Under this line is a listing; return exactly the lines starting at the one with "Our Franklin's Finest" and running down to the one with "Когда макароны и", and leave out its pictures.

> _Data listing_:
────────────────
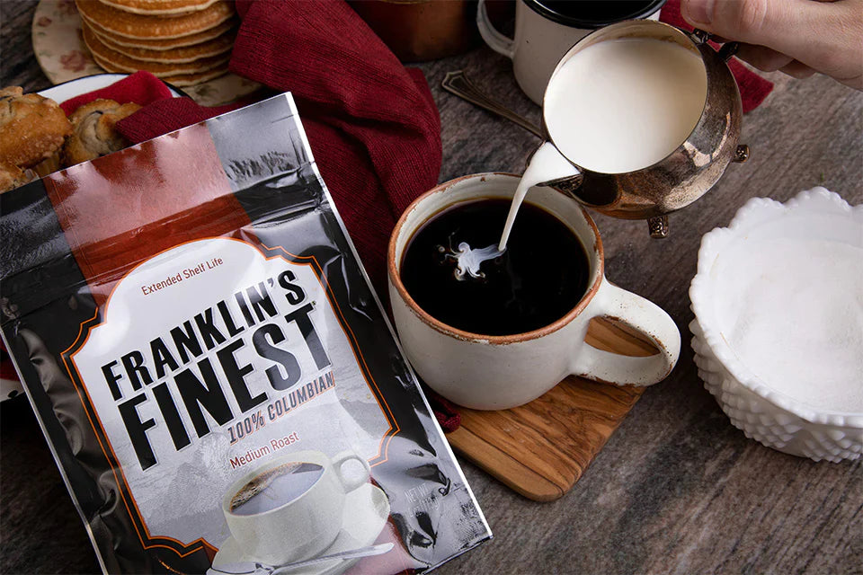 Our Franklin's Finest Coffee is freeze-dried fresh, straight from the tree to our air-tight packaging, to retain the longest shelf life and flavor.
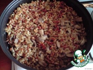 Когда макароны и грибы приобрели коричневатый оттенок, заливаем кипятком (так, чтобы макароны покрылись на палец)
────────────────
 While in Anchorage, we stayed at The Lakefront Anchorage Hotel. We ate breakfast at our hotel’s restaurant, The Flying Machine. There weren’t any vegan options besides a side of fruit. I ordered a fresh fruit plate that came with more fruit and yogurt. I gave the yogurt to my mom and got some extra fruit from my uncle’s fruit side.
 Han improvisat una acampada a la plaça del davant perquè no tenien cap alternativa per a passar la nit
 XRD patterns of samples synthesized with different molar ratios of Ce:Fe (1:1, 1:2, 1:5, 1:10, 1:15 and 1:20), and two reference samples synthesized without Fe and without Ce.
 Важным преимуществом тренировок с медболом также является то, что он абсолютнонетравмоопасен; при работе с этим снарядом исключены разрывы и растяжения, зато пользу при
────────────────
> _Answer space_:
 Our Franklin's Finest Coffee is freeze-dried fresh, straight from the tree to our air-tight packaging, to retain the longest shelf life and flavor.
 Когда макароны и грибы приобрели коричневатый оттенок, заливаем кипятком (так, чтобы макароны покрылись на палец)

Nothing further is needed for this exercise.